-- Exercise instructions --
Once the line holding "서로가 서로에게서 잘" is written out, stop; begin at the first line of the material below and retype exactly, dropping pictures.

(Input)

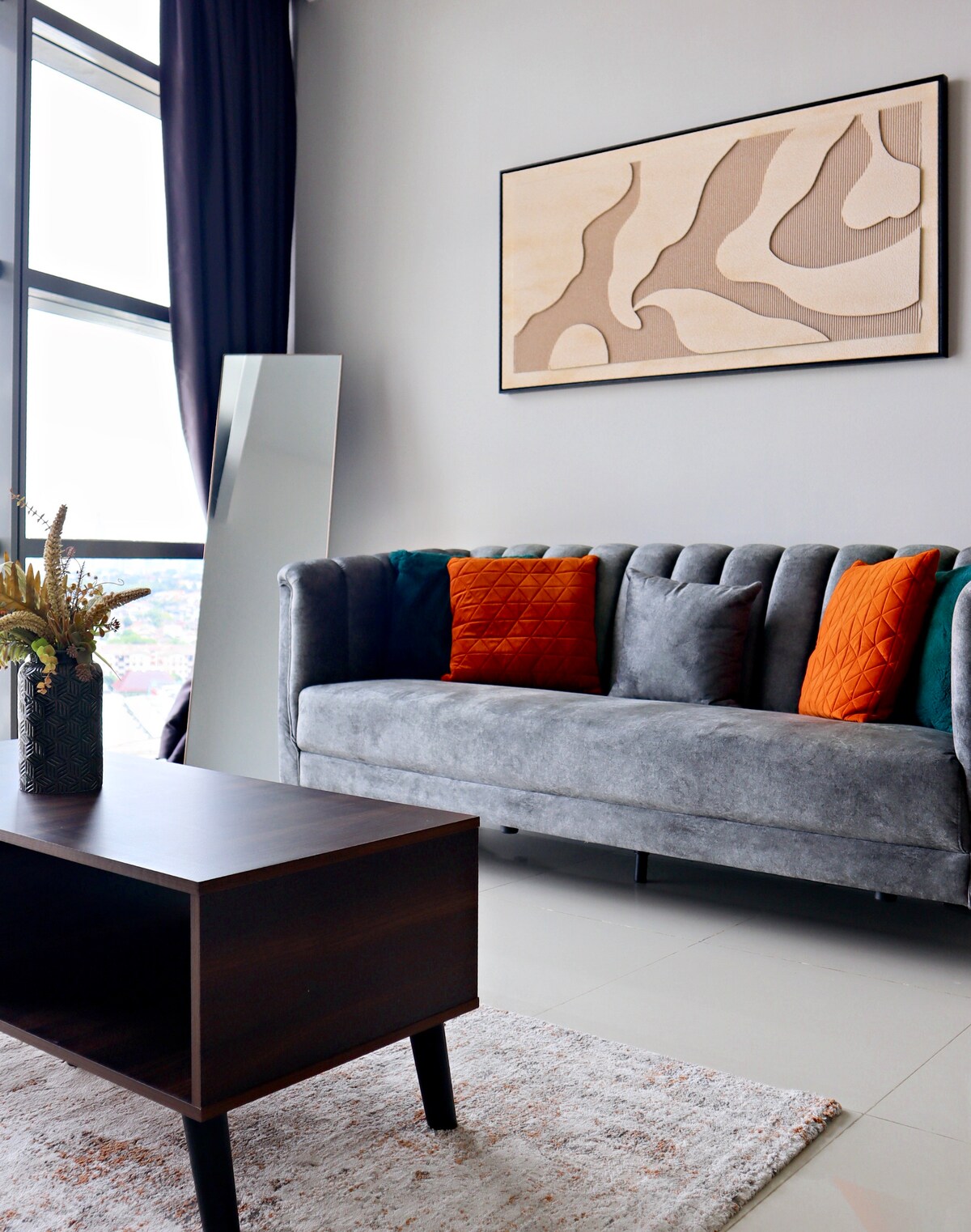 La teva escapada tranquil·la de la vida a la ciutat. Gaudeix d’un allotjament dissenyat amb molta cura que combina un estil modern amb una comoditat acollidora. Totalment equipat amb serveis per fer que la teva estada sigui senzilla, és ideal per a escapades curtes o estades més llargues. ✔ 2 dormitoris còmodes ✔ Televisor intel·ligent i altaveu ✔ 2 balcons ✔ Purificador d'aigua Coway (opció d'aigua calenta, freda i a temperatura ambient) Purificador d'✔aire per a un aire net i fresc ✔ 1 plaça d'aparcament designada ✔️ Wifi de 200 Mbps
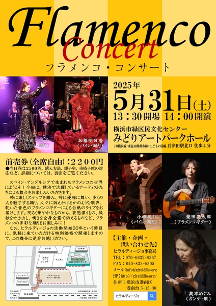 ヒラルディージョ事務局主催、『Flamenco Concert』が2025年5月31日 (土)に横浜市緑区民文化センター みどりアートパーク(神奈川県 横浜市緑区 長津田 二丁目1番3号)にて開催されます。
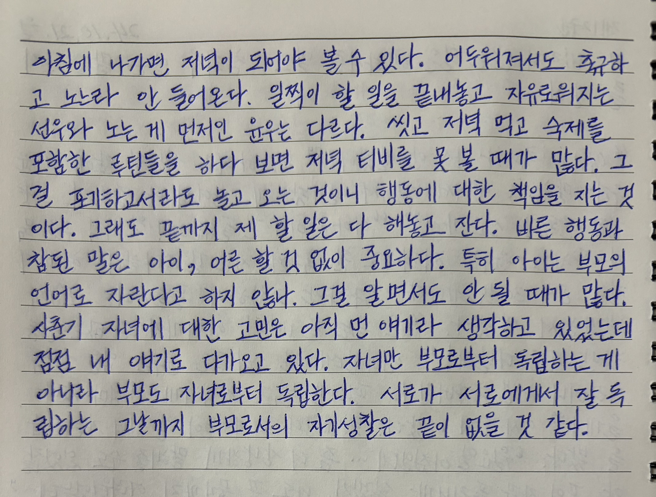 서로가 서로에게서 잘 독립하는 그날까지 부모로서의 자기 성찰은 끝이 없을 것 같다.
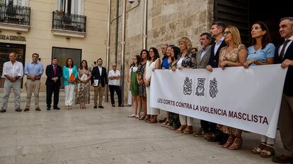 La presidenta de las Cortes Valencianas, Llanos Massó, de Vox, y el resto de su grupo parlamentario, han guardado este lunes tres minutos de silencio en rechazo al último caso de violencia machista —una mujer ha sido asesinada en Antella a manos de su pareja— separados de la pancarta oficial de la concentración. En el cartel, tras el que sí se han colocado el resto de grupos con representación en la Cámara, podía leerse: “Les Corts contra la violencia masclista [Las Cortes contra la violencia machista]”.
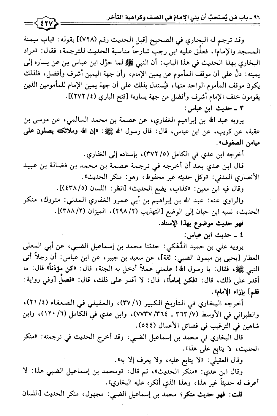 يرويه عبد الله بن إبراهيم الغفاري، عن عصمة بن محمد السالمي، عن موسى بن عقبة، عن كريب، عن ابن عباس، قال: قال رسول الله - صلى الله عليه وسلم -: "إن الله وملائكته يصلون على ميامن الصفوف".
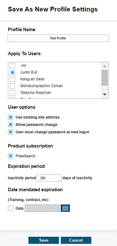 If Apply to users is selected, the user Permissions and Profile Name will not be editable, but can be assigned to a user list in the users table. Once the desired users have been selected, you can select Save to apply profile to users selected, or Cancel to dismiss changes.

(End Input)

-- Written answer --
 La teva escapada tranquil·la de la vida a la ciutat. Gaudeix d’un allotjament dissenyat amb molta cura que combina un estil modern amb una comoditat acollidora. Totalment equipat amb serveis per fer que la teva estada sigui senzilla, és ideal per a escapades curtes o estades més llargues. ✔ 2 dormitoris còmodes ✔ Televisor intel·ligent i altaveu ✔ 2 balcons ✔ Purificador d'aigua Coway (opció d'aigua calenta, freda i a temperatura ambient) Purificador d'✔aire per a un aire net i fresc ✔ 1 plaça d'aparcament designada ✔️ Wifi de 200 Mbps
 ヒラルディージョ事務局主催、『Flamenco Concert』が2025年5月31日 (土)に横浜市緑区民文化センター みどりアートパーク(神奈川県 横浜市緑区 長津田 二丁目1番3号)にて開催されます。
 서로가 서로에게서 잘 독립하는 그날까지 부모로서의 자기 성찰은 끝이 없을 것 같다.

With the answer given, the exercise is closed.